Starting at the line that has "It comprises two" and stopping after the line that has "BATHROOM. Three piece", reproduce the listing below exactly; omit everything else.

DATA SUPPLIED:

======

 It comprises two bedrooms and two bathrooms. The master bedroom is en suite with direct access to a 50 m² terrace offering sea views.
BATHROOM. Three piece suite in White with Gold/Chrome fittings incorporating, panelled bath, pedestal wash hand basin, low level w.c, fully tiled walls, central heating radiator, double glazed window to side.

======

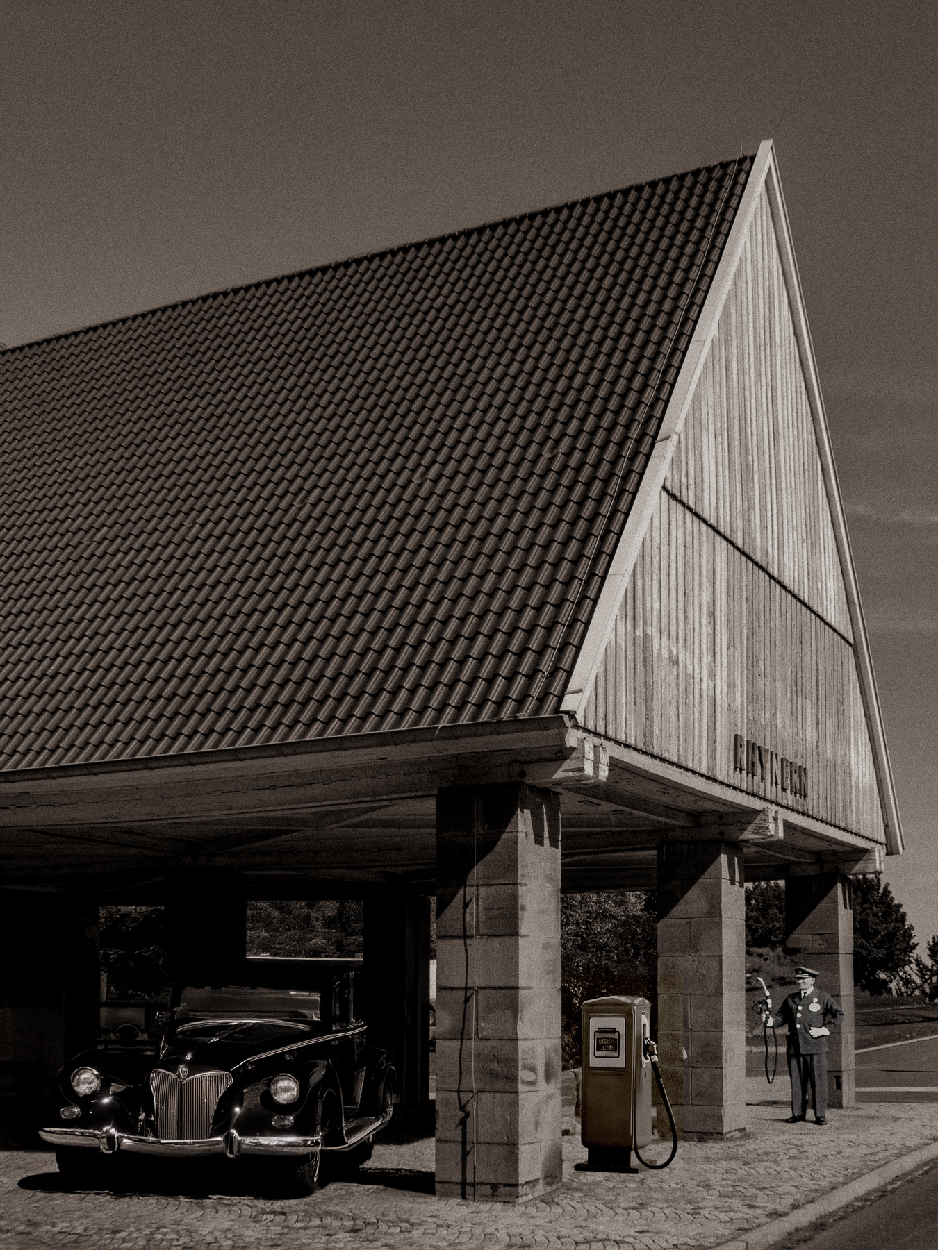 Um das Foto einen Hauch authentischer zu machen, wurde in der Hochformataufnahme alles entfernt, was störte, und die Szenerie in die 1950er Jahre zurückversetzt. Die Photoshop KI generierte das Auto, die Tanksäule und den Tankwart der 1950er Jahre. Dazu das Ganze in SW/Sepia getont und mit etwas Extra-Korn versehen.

======

EXERCISE RESULT:
 It comprises two bedrooms and two bathrooms. The master bedroom is en suite with direct access to a 50 m² terrace offering sea views.
BATHROOM. Three piece suite in White with Gold/Chrome fittings incorporating, panelled bath, pedestal wash hand basin, low level w.c, fully tiled walls, central heating radiator, double glazed window to side.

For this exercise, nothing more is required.